Music in 18th-century armies was incredibly important to tactics, drills, maneuvers, and esprit de corps. The incorporation of music into the great armies of Europe, performed by instruments such as drums, fifes, bagpipes, bugles, clarinets, and French horns, was a long-standing tradition by the time the century concluded with a new country, the United States of America. Raoul F. Camus, a historian of military music of the American Revolution, argued during its bicentennial that although the European military musical tradition had been well-documented, “For many years it was believed that bands and band music were nonexistent in the Revolutionary period.” Furthermore, Camus stated that many still believed that bands and band music were not authorized in the regular army of the United States until 1834. These ideas could not be further from the historical record, and, as more scholarship on the era has revealed, music in the 18th-century armies that fought in the colonies was vital to the daily lives of the soldiers on and off the battlefield.
Music in armies of the 1700s held five very important roles, some of which overlapped in their purposes. Music served to build and sustain the morale and esprit de corps of any sized fighting unit. This role of music was vital in periods of depressed morale, usually in the wake of severe battlefield defeats, or during inordinate hardships, such as long, hot marches or the grueling conditions of a poorly supplied, cold winter encampment. One of the ways in which this role overlapped with another function of music in the army was its utilization during social or recreational events. Dances, balls, time in a hut or around a campfire, were all ways in which music was used for morale-building as well as letting the men blow off steam from the rigors of a campaign, drill in camp, or the loss of friends and family on the battlefield. More specific to military operations, another use of music was to regulate camp duties, and on the other end of the spectrum, to play its prescribed role in ceremonial functions.
Perhaps the most important role of music in armies of the period was its use in tactics. During the previous centuries, as the size of armies grew, and the advent of gunpowder amplified the sounds of battle, voice commands were no longer able to achieve large-scale command and control. Further still, as battlefield tactics changed toward “mass unit warfare,” keeping large organizational bodies of men moving across terrain and in combat in a systematic and orderly way proved challenging. Here, in all accords, steady, loud, drum cadences became a solution to these operational concerns. Each cadence could signal something different, and the composition of the drum and how it produced sound made it a perfect instrument for use with infantry soldiers.
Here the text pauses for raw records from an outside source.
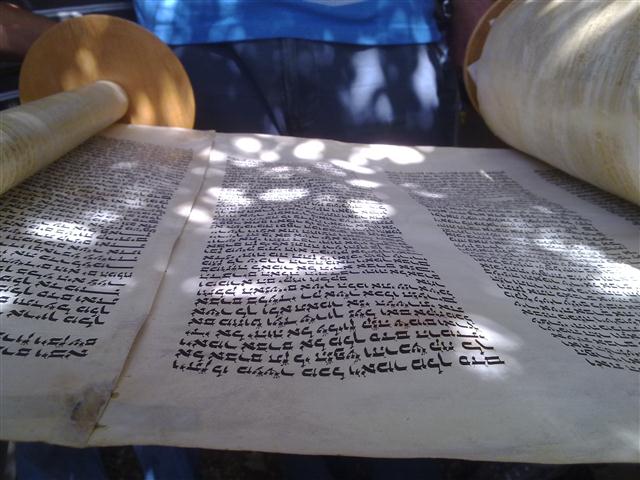 קוראים בתורה את 'ברית בין הבתרים', בחולצה סגולה ירוחם קנטמן.
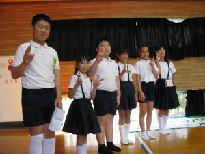 実行委員会の子ども達の気合いの入った司会進行のもと、ピリッと引き締まった雰囲気の中で、「実行委員会の自己紹介」「運動会スローガンの発表」「頑張り点の説明」が行われました。
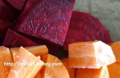 우선 사과를 깨끗하게 씻은 후 씨를 제거한 후 껍질째 썰어둡니다. 비트와 당근은 껍질을 제거하고 깍둑 설어 준비합니다. 채소를 생으로 먹으면 배탈이 나거나 속이 불편한 분들이라면 비트, 당근을 10분 정도 쪄서 abc 주스를 만들면 좋습니다.
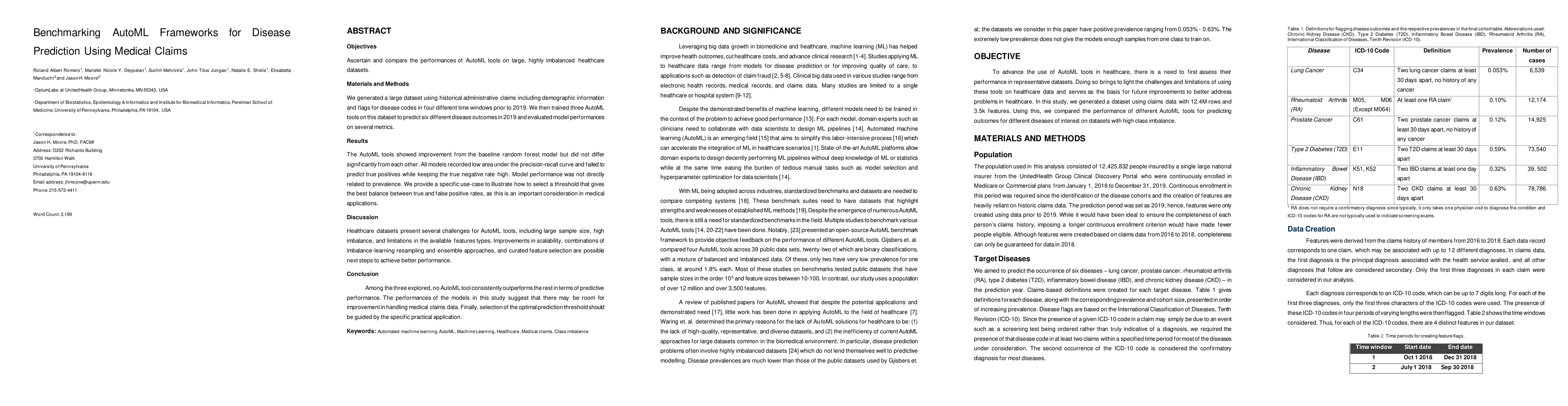 This study benchmarks the performance of three AutoML frameworks on large, imbalanced medical claims datasets for disease prediction, finding no significant differences among them. Despite improvements over baseline models, the AutoML tools struggled with precision-recall balance and feature selection challenges, highlighting the need for further enhancements in handling such complex healthcare data.

Yet again, this role overlapped as “The addition [of] music to accompany marching serve[d] the triple purpose of keeping the cadence, of encouraging the spirit of the men while marching, and of attracting and entertaining the spectators.”
Although music in 18th-century armies played a vital role, all military music was not the same. One form of military music was performed by a “Band of Musick...professional musicians hired by officers to play contrapuntal music at parades, during meals, and for dancing.” Men in the ranks would have had less exposure to this form of military music as did officers and civilians. Soldiers, men in the ranks, were almost continually hearing another form of military music, “field music.” This form of military music utilized musical calls that acted as commands while on the march, in camp, or on the battlefield. The two most important instruments in field music were the fife and drum. Of the two, the drums were significantly more important than the fife, which simply added melodic interest to the drum calls. Drummers, and their instrument, had vast responsibility, not only for the daily routines of the soldiers in camp, but also on the march and in battle.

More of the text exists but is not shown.